Hoffentlich für immer, dachte Fisch und sah nicht zurück.
Mr. Porter hielt kurz darauf vor einem Gemischtwarenladen und kaufte viele Meter Stoff in Grau, Taubenblau und Braun, zwei schlichte Hauben für ihre Haare, außerdem einen Leinenstoff für Chemisen, Nachthemden und die Unaussprechlichen – die Unterhosen. Er lud alles auf den Wagen und lächelte ihr zu, bevor er das nächste Geschäft ansteuerte und weitere Vorräte kaufte.
Sie ließen die Stadt schnell hinter sich und Fisch betrachtete das Land, das sie noch nie gesehen hatte, obwohl sie bereits fast sieben Jahre hier lebte. Sie kannte den Hafen und das Gefängnis, das war alles.
»Bist du schon immer stumm?«, fragte Joshua nach einer Weile und sie schüttelte den Kopf.

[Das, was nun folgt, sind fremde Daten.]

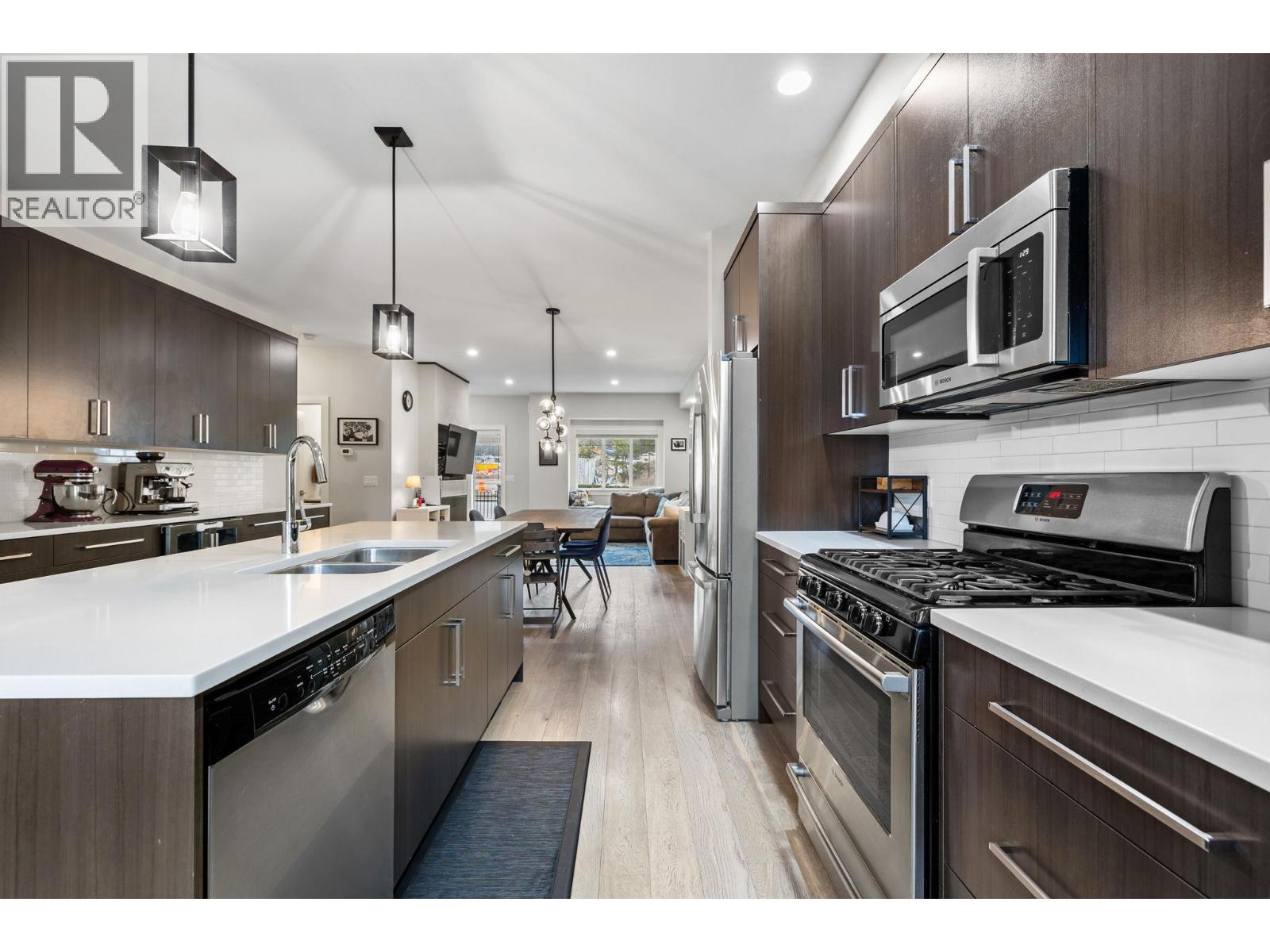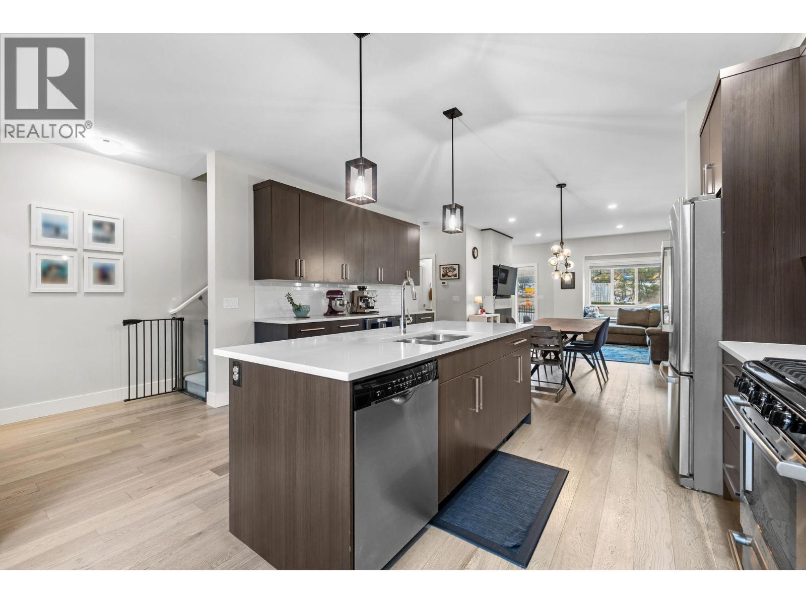 Welcome to Hidden Lake Lookout, a quaint and lovely townhouse community in the highly sought-after family friendly neighbourhood of Wilden. This stunning 3-bedroom, 2 1/2-bathroom home with a wonderful sightline of the local pond is perfect for people who love to live near nature but still prefer a location closer to town. Featuring the always popular “open concept” floor plan on the main, you’ll enjoy the flow of over 500 sqft of living & dining space with east and west facing views ensuring plenty of natural light throughout the day. The kitchen boasts sleek stone countertops, stainless steel appliances, and ample cabinet storage, making it the perfect space for both casual meals and entertaining guests. The upper level showcases a large primary bedroom with ensuite, two additional generous sized bedrooms, and a beautiful main bathroom. This property also features a large double tandem garage complete with a workshop space ideal for DIY projects or extra storage. You will also appreciate the lower utility costs with geothermal and natural gas heating & cooling systems, ensuring year-round comfort. Wilden's Future ""Market Square"" is under construction just down the street and will provide residents many exciting opportunities such as parkland, restaurants, shopping, and other lifestyle amenities including a new elementary school. Surrounded by nature but just 10 minutes from downtown Kelowna, the airport, and the university, get ready to enjoy the beauty of Wilden living! (id:58842)
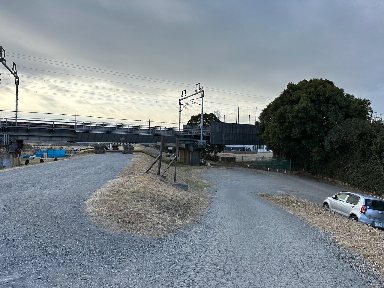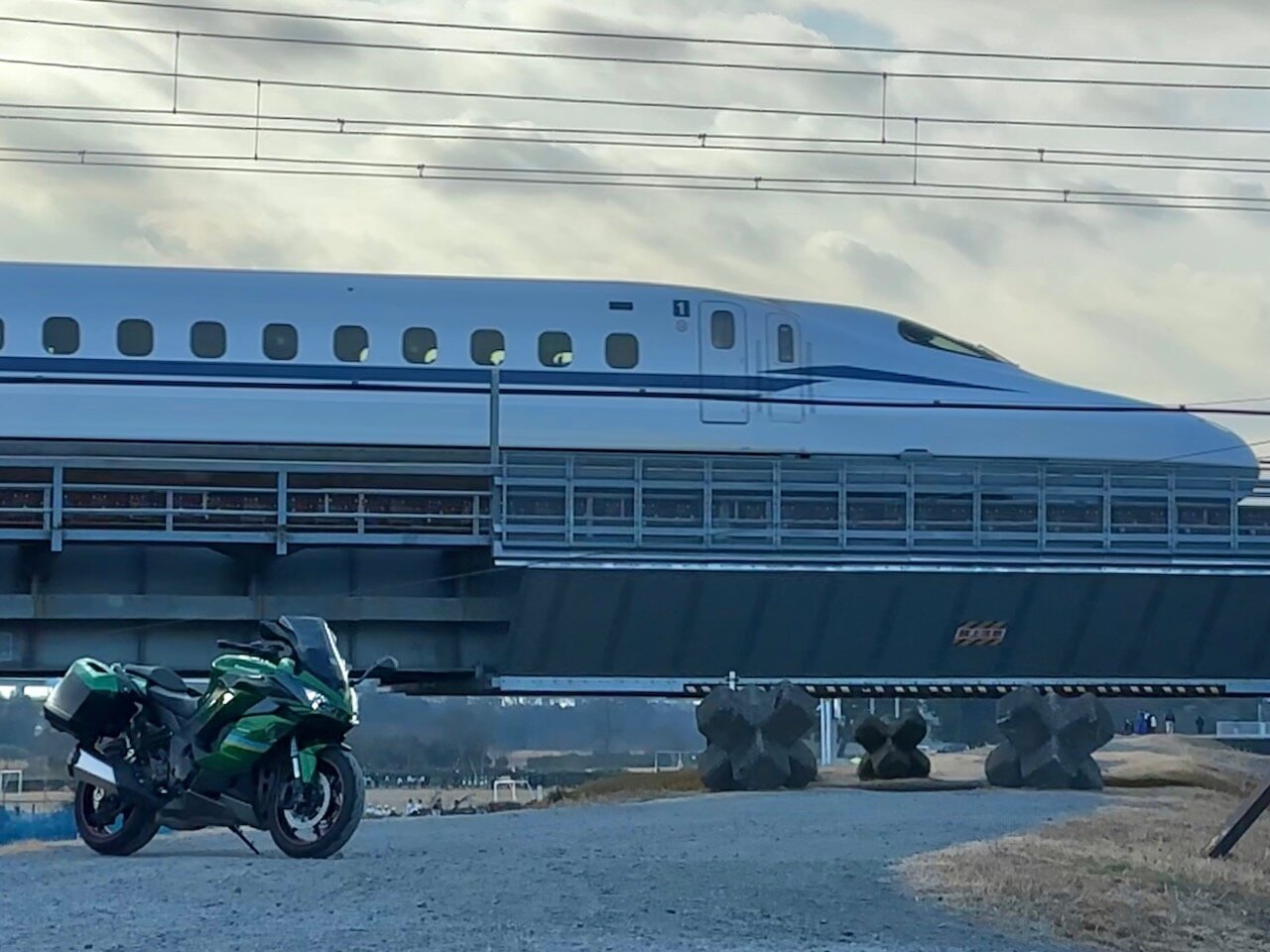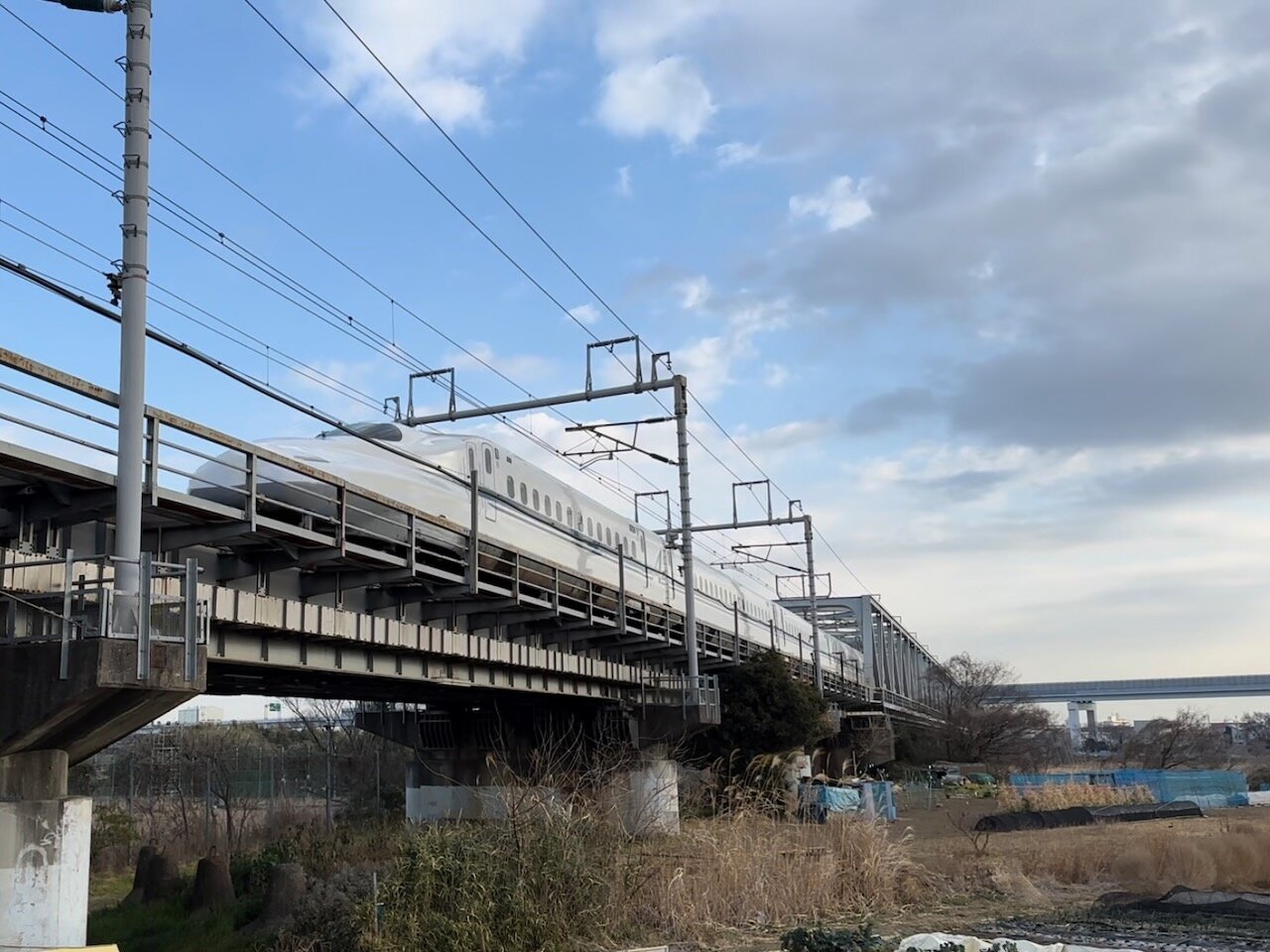河川敷にあがれば、ほぼ真下のこのアングルから新幹線を眺めることができます。

»Das heißt, du kannst sprechen?«
Sie zuckte mit den Schultern, einmal, zweimal. Er nickte und schwieg für ein paar Minuten.
»Was ist mit dem Bein, Fisch? Humpelst du schon immer?«
Wieder verneinte sie und er fragte weiter: »Hattest du einen Unfall?«
Sie nickte, dachte an den Tag, an dem es passiert war. Sie erschauerte unwillkürlich und versuchte sich an einem beruhigenden Lächeln, als sie bemerkte, dass Joshua ihre Reaktion wahrgenommen hatte.
»Es war schlimm«, stellte er fest und zog eine Grimasse.
Sie nickte abermals und machte eine wegwerfende Handbewegung. Lange her. Passiert ist passiert. Nicht mehr zu ändern. Der Wagen rumpelte über die staubigen Wege und sie konzentrierte sich wieder auf die Landschaft, saugte die Bilder in sich auf und beschloss, sich immer an diesen schönen Tag zu erinnern. Sie war frei und versorgt und Joshua Porter schien nett zu sein. Obwohl sie wusste, wie schrecklich man sich in Menschen täuschen konnte, erlaubte sie sich die Hoffnung, ein einziges Mal im Leben Glück gehabt zu haben.
»Du brauchst einen Namen, ich kann meine Frau unmöglich Fisch nennen«, sagte er, als sie knapp zwei Stunden unterwegs waren, und eine kleine Stadt am Horizont auftauchte. »Ich wünschte, du könntest mir verraten, wie du heißt, Mrs. Porter.«
Sie zuckte bedauernd mit den Schultern und lächelte gequält.
»Nun, dann … bleibt mir doch nur Fisch. Oder Missy, als Abkürzung von Mrs. Porter.«
Sie hob vorsichtig den Daumen und schüttelte den Kopf, dann streckte sie den Zeigefinger nach oben und nickte, all das, während sie ihr Haupt gesenkt hielt und auf ihren Schoß starrte.
»Sieh mich an, bitte«, sagte Joshua und sie hob den Kopf. »Zweiteres also? Missy? Gefällt dir Missy?«
Er strahlte sie an, so offen, so freundlich, dass er ihr vorkam wie ein Engel. Sie wagte ein kleines Lächeln, senkte dann aber sofort wieder den Blick auf ihren Schoß.
»Ist das ein ›ja‹ zu Missy?«, fragte er und sie nickte.
Vielleicht war das der Beginn eines besseren Lebens, ein neuer Name für einen hoffnungsvollen Start. Missy Porter. Vielleicht.